Fixed rate mortgages are in some ways the simpler of the two. Financial writer Bruce Schoenne explains that a fixed mortgage is “a mortgage where the rate of interest is fixed for a specific period of time”. At the time a mortgage is given, the bank determines an interest rate based upon a number of factors including the number of years over which the mortgage will be repaid, the credit rating of the new homeowner and the typical interest rates in the market at the time. The interest rates will be based upon a central rate determined by the bank, called the “prime rate.” In a fixed-rate mortgage, this interest rate will be fixed over the entire term of the mortgage.
Fixed-rate mortgages may be best for people who fear that interest rates will go up in the future, or are simply not sure what interest rates will do in the future and are unwilling to gamble that the rates will change in their favour.

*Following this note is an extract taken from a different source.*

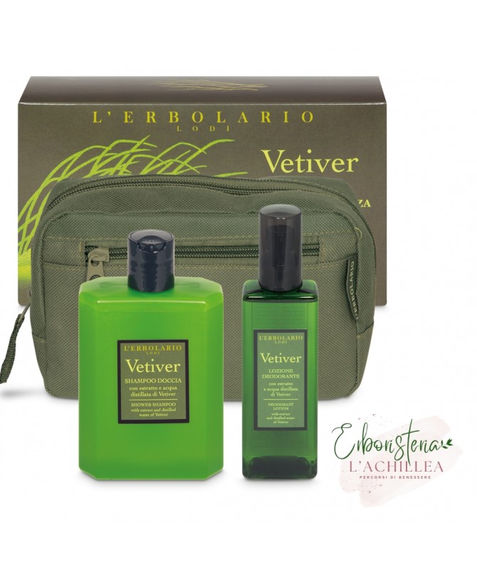 L' Erbolario - la verde freschezza del Vetiver è racchiusa in questa pochette, che contiene shampoo doccia e lozione deodorante , un duo speciale per la detersione e il comfort quotidiani .

In the case of a fixed-rate mortgage, instead of the home buyer gambling that interest rates will change in their favour, the bank is gambling that it’s better to loan out its money at a fixed rate now than to wait for markets to change in the bank’s favour later on. For this reason, fixed rate mortgages may be harder to get initially, and may have a higher initial interest rate (and therefore higher monthly payments) than a variable rate mortgage. The advantage to the home buyer is that while the payments may initially be higher, this type of mortgage offers the security of knowing that the rates will at least never get any higher.
In contrast, Schoenne says, a variable rate mortgage is “a mortgage that has fixed payments, but the interest rate fluctuates with any changes in interest rates.” In this case, the bank will still determine an initial interest rate for the mortgage based upon the prime rate, the home buyer’s credit rating and the expected duration of the mortgage. However, the mortgage agreement will also specify a regular period of time after which the bank is allowed to reassess the interest rate and move it up or down in accordance with changes in the prevailing market interest rates.
Variable-rate mortgages may be useful for those who are willing to accept a certain amount of risk up-front in exchange for the possibility that they will save thousands of dollars in interest later on. In 2001, York University professor of finance Moshe A. Milevsky examined mortgage interest rates between 1950 and 2000 and concluded that, on average, homeowners pay less interest over the term of their mortgage if they choose a variable rate rather than a fixed rate. The key is the level of risk that homeowners are willing, and financially able to take. This is because just as the interest rate could go down, it could also go up – a phenomenon called payment shock. “Long-term stability has a price,” says Schoenne, “but if you can’t sleep, what good is the money?”
If you are not sure whether a fixed interest rate or a variable interest rate is right for you, a financial advisor will be able to give professional advice tailored to your specific situation.